_Recorded information_.
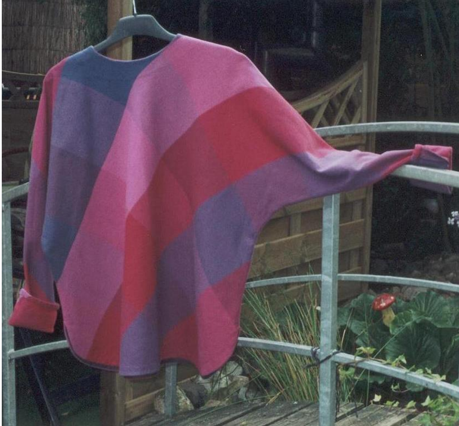
Jas Linnenbinding, katoen.
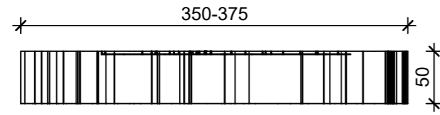
Schnitt 1-1, 1:5
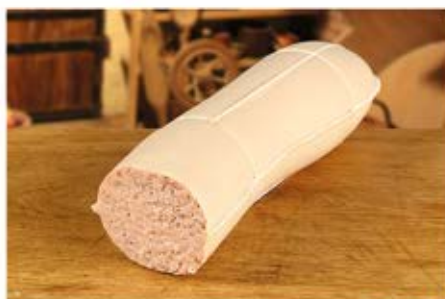
PASZTET Z BOCZKIEM
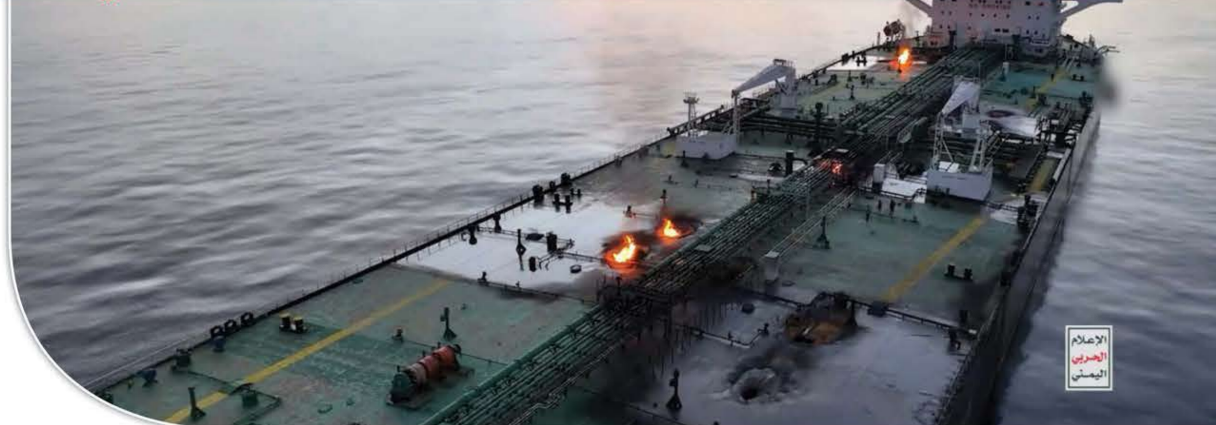
الإعلام البحري اليمني

ومع ذلك، ونظراً للاستقلال الاستراتيجي لليمنيين، فحتى طهران لا تستطيع ضمان السلام المطلق للإمارات. وأخيراً، فإن الإمارات حريصة على الانتقام في الصراع على النفوذ داخل اليمن بـ«النخبة الجنوبية»، التي نشأت بمشاركة أبوظبي؛ ولكن لم تتمكن قط من الانفصال خلال المرحلة الحادة من الصراع (رغم أنها أعلنت استقلال الجنوب عدة مرات)، وخلال فترة الهدوء وجدت نفسها مدفوعة إلى الخلف من قبل السعوديين من حكم «اليمن الموحد».
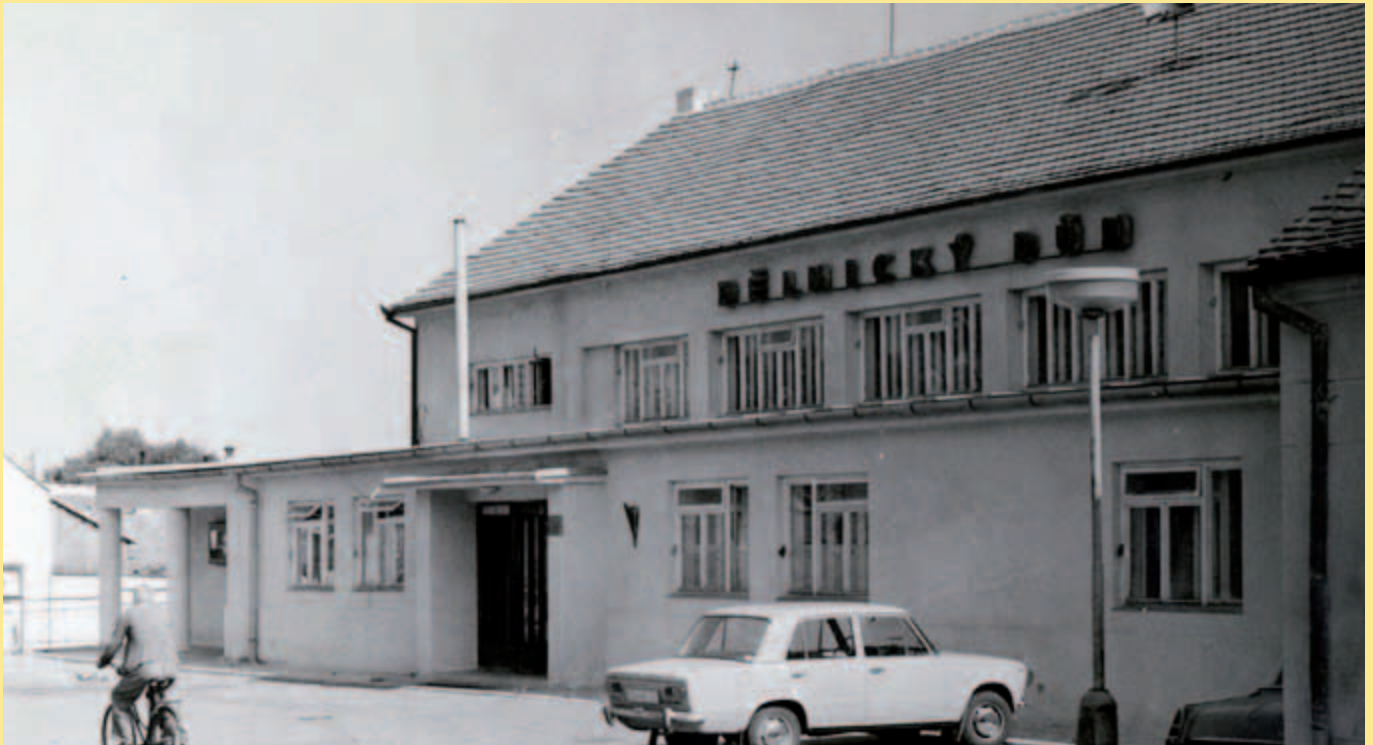
Před padesáti lety...
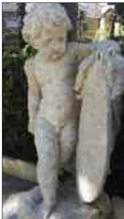
Putti di adornamento della fontana di Palazzo di Venezia a Roma.
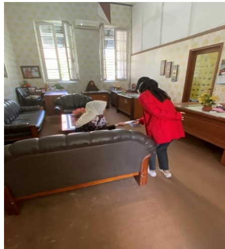
Dokumentasi Pengisian Kuesioner
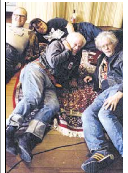
Die Punkband PKN

Drei der Mitglieder von PKN haben das Down-Syndrom, einer ist Autist. Zusammen sind sie eine waschechte Punkband. Texte über soziale Probleme passen, das Bier in der Hand haut hin und auch die Jeansknoten voller Band-Aufnäher sind stimmig.
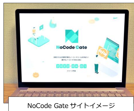
NoCode Gate サイトイメージ
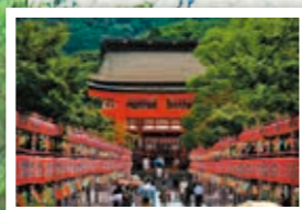
京都府 伏見稲荷大社

現在日本には多くの「神社」があり、それぞれ様々な神様が祀られています。そんな神社の「名前」に疑問を持ったことはないでしょうか。ほとんどの神社が「神社」と呼ばれている中で、特定の神社は「○○神宮」や、「○○大社」と名付けられていることがあります。この名前はどのように分類されていて、どのような違いがあるのでしょうか。 ここでは、「神社の名称」についてご紹介していきます。
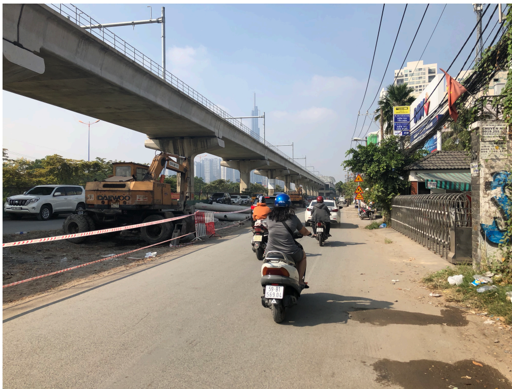
Obr. č.1. Ulice v D2
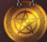
Photo non contractuelle – Le mage SOUYAAR est soumis à une obligation de moyens et non à une obligation de résultats. Mage Souyaar est une enseigne commerciale de la société PIJON ROYAL
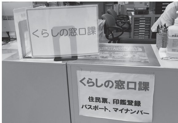
マイナンバーカードの町内受付場所

町長答弁 現在のところ、我町ではトラブルは発生していませんが、今後予定されている統合などについては、国の動向を注視していきます。
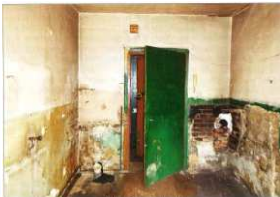
Widok fragmentu kuchni.
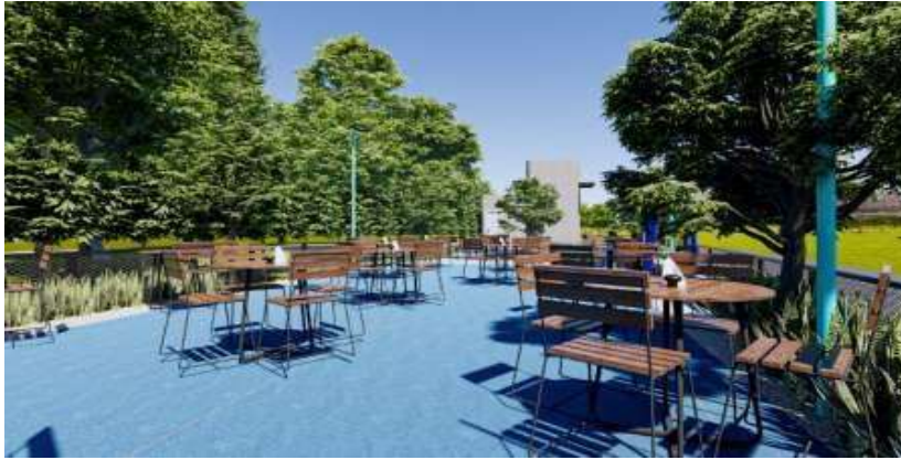
Gambar 9. Visual 3d Lapangan yang Berubah Fungsi

Dalam area ruang komunal ini, meja kursi yang dihadirkan tidak terlalu banyak namun bisa membuat suasana ruang komunal ini senantiasa hidup dengan aktivitas warga setiap harinya. Bentukan meja kursi seperti ini juga dimungkinkan jika sesuatu saat dibutuhkan berubah layout meja dan kursinya karena memungkinkan untuk digeser-geser.
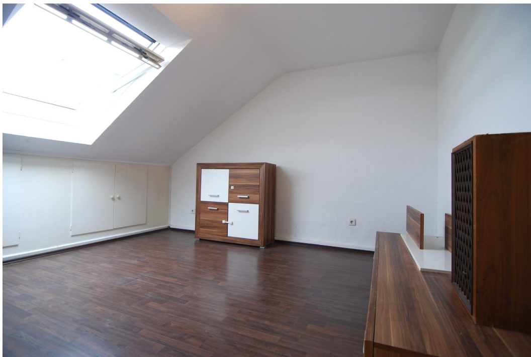
Vogelsang16 DG Schlafzimmer 1
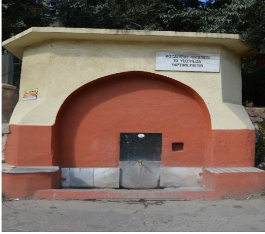
Resim 110: Kocahıdır Çeşmesi (Kocahıdır Mahallesi)
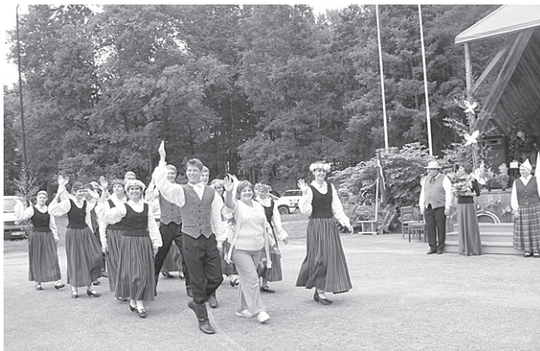
Viesi – Kalsnavas jauniešu deju kolektīvs.
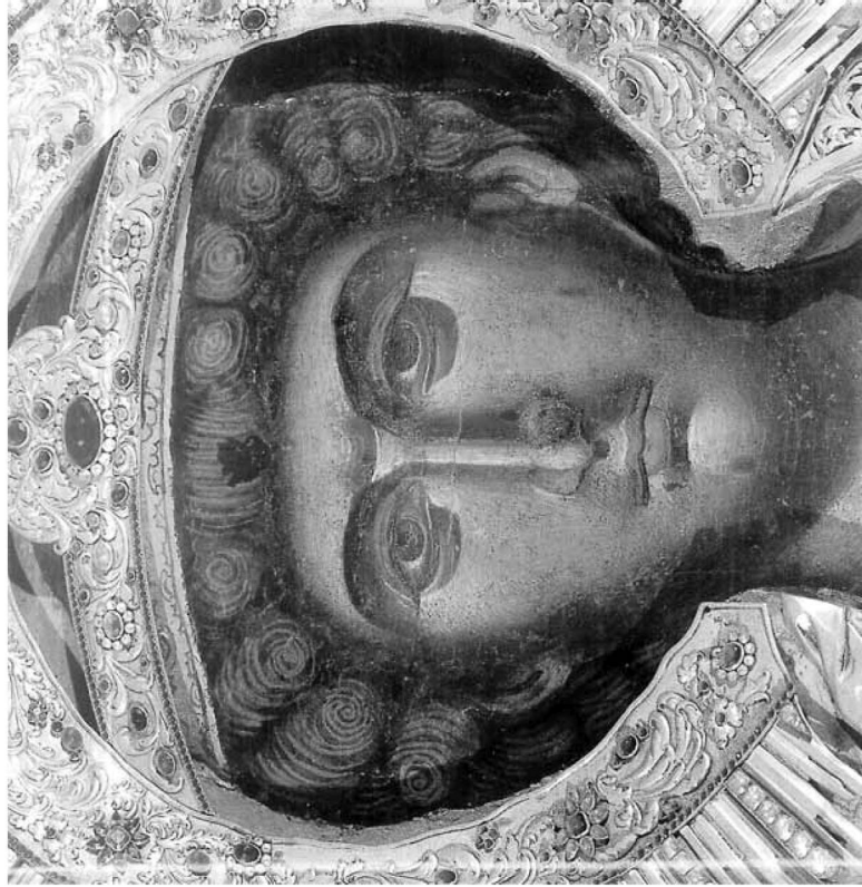
Εικ. 3. Άγιος Γεώργιος Αχειροποιήτος (λεπτομέρεια).
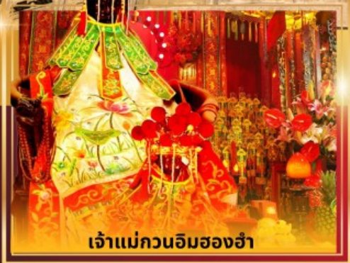
เจ้าแม่กวนอิมสองอ่า

ช้อปปิ้งบนคนเดินตงเหมิน เมืองโบราณหนานโกว วัดกวนอู ร้านหนังสือจงซูเก้อ ถ่ายรูปหน้าตึกฟิงอัน เจ้าแม่กวนอิมสองอ่า วัดหวังต้าเซียน วัดแชกงหมิว ช้อปปิ้งย่านจิมซาจู้ นองปิง 360 สักการะวัดพระใหญ่โป่หลิน ช้อปปิ้งซีตี้เกทเอาท์เล็ต
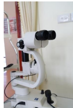
現在の機材の一部
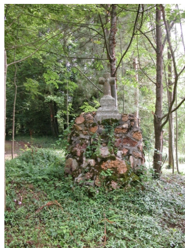
Parc, 2ème croix IVR53_20092210774NUCA
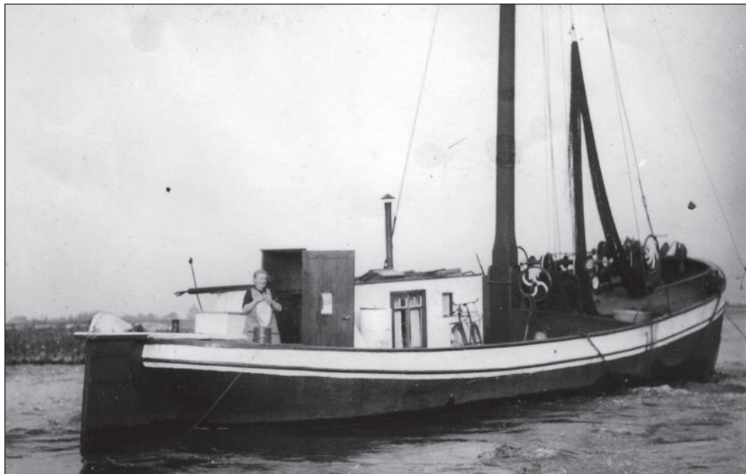
Tiel heeft ook een varend monument
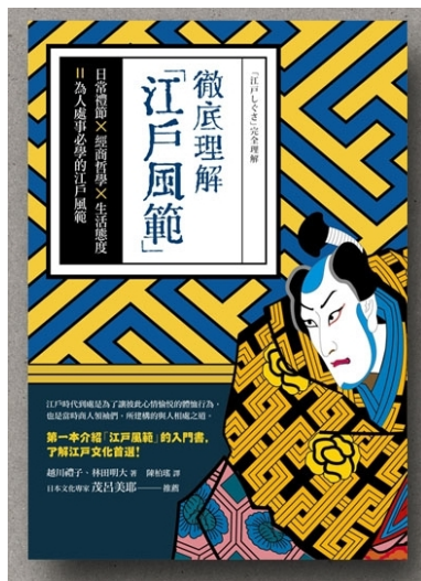
《徹底理解「江戶風範」》書影。
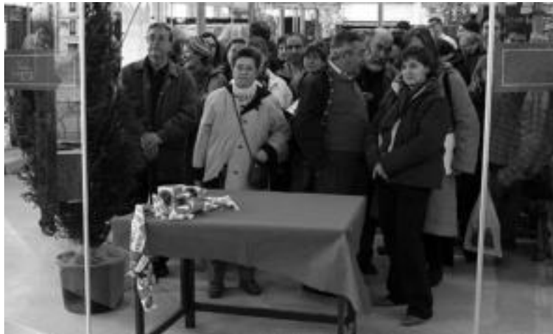
Jende ugari Zerkausira sartzeko itxaroten Txuleta-ren festa ren. MADDI SOROA

3.500 lagun baino gehiago erakarri ditu ekimenak, eta 2.500 kilo txuleta prestatu dituzte denera sukaldariek
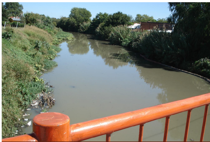
Figura N° 3 Arroyo Del Gato (7 y 514)

Tanto las medidas de niveles como la toma de muestras de agua fueron realizadas en perforaciones particulares, bombas sapos, molinos, etc. El relevamiento de campo se realizó entre abril y marzo de 2011
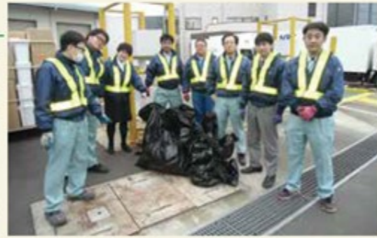
街がきれいになると、私たちの気持ちも晴れやかになります
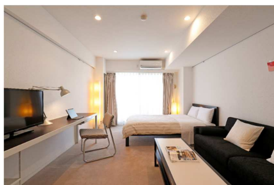
▲BUREAU 高輪(STUDIO Bタイプ)
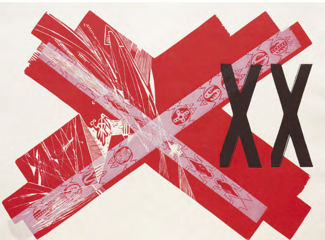
“Night in Temperley” Technique: cromo- xilography on paper of 250 gr. Size: 56 x 76 cm
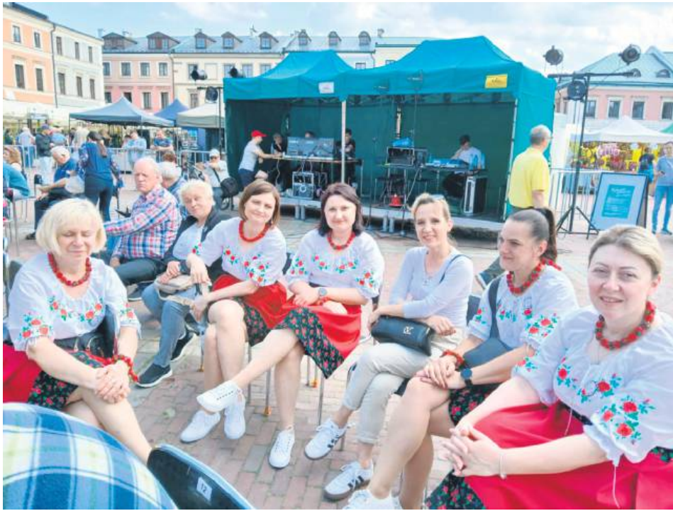
Pierwszego dnia na Rynku Wielkim podsumowano konkurs kulinarny „Smaki Zamościa i Roztocza”, organizowany przez Zamojski Dom Kultury i Lokalną Organizację Turystyczną „Zamość i Roztocze”.
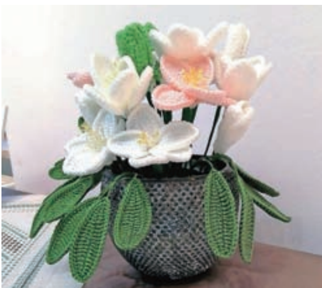
Čudoviti izdelki, ki jih izdelujejo članice krožka ročnih del.

Krožek ročnih del pri Farnem kulturnem društvu Koroška Bela je pripravil razstavo z naslovom Korona vezenine. Pridne roke članic krožka v času pandemije in ukrepov samozolacije niso mirovale, ampak so ustvarile vrsto lepih izdelkov v različnih tehnikah. Izdelki so bili na ogled v Kulturnem hramu na Koroški Beli.
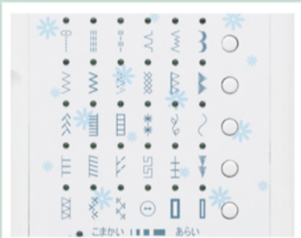
豊富な縫い模様は30種類。 (ボタンホール2種)
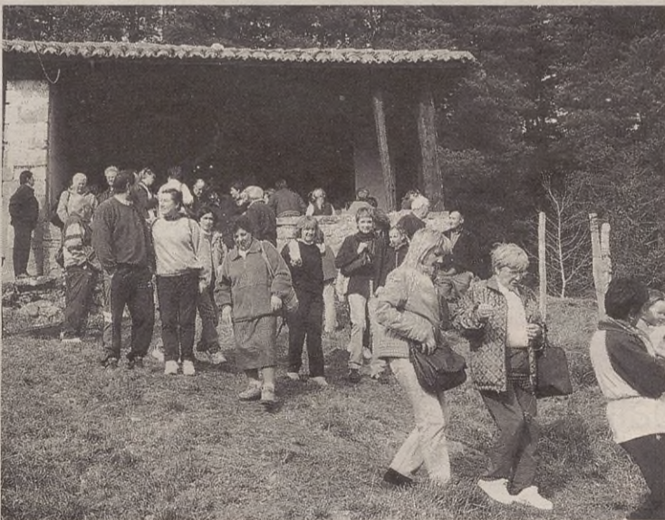
San Blas ermitan opilak eta gozokiak bedeinkatzeko meza izango da.

Antzina San Blas eguneko ospakizunetan iluntzean erromeria izaten bazen ere, orain ez da egiten. Aurten, trikitilaririk izango den ere zehazteke dago.

_Your goal_.
Starting at the first line of the entries, restate word for word everything through the line that holds "Vogelsang16 DG Schlafzimmer 1", both ends included, but omit any pictures.

_Task result_.
Jas Linnenbinding, katoen.
Schnitt 1-1, 1:5
PASZTET Z BOCZKIEM
الإعلام البحري اليمني

ومع ذلك، ونظراً للاستقلال الاستراتيجي لليمنيين، فحتى طهران لا تستطيع ضمان السلام المطلق للإمارات. وأخيراً، فإن الإمارات حريصة على الانتقام في الصراع على النفوذ داخل اليمن بـ«النخبة الجنوبية»، التي نشأت بمشاركة أبوظبي؛ ولكن لم تتمكن قط من الانفصال خلال المرحلة الحادة من الصراع (رغم أنها أعلنت استقلال الجنوب عدة مرات)، وخلال فترة الهدوء وجدت نفسها مدفوعة إلى الخلف من قبل السعوديين من حكم «اليمن الموحد».
Před padesáti lety...
Putti di adornamento della fontana di Palazzo di Venezia a Roma.
Dokumentasi Pengisian Kuesioner
Die Punkband PKN

Drei der Mitglieder von PKN haben das Down-Syndrom, einer ist Autist. Zusammen sind sie eine waschechte Punkband. Texte über soziale Probleme passen, das Bier in der Hand haut hin und auch die Jeansknoten voller Band-Aufnäher sind stimmig.
NoCode Gate サイトイメージ
京都府 伏見稲荷大社

現在日本には多くの「神社」があり、それぞれ様々な神様が祀られています。そんな神社の「名前」に疑問を持ったことはないでしょうか。ほとんどの神社が「神社」と呼ばれている中で、特定の神社は「○○神宮」や、「○○大社」と名付けられていることがあります。この名前はどのように分類されていて、どのような違いがあるのでしょうか。 ここでは、「神社の名称」についてご紹介していきます。
Obr. č.1. Ulice v D2
Photo non contractuelle – Le mage SOUYAAR est soumis à une obligation de moyens et non à une obligation de résultats. Mage Souyaar est une enseigne commerciale de la société PIJON ROYAL
マイナンバーカードの町内受付場所

町長答弁 現在のところ、我町ではトラブルは発生していませんが、今後予定されている統合などについては、国の動向を注視していきます。
Widok fragmentu kuchni.
Gambar 9. Visual 3d Lapangan yang Berubah Fungsi

Dalam area ruang komunal ini, meja kursi yang dihadirkan tidak terlalu banyak namun bisa membuat suasana ruang komunal ini senantiasa hidup dengan aktivitas warga setiap harinya. Bentukan meja kursi seperti ini juga dimungkinkan jika sesuatu saat dibutuhkan berubah layout meja dan kursinya karena memungkinkan untuk digeser-geser.
Vogelsang16 DG Schlafzimmer 1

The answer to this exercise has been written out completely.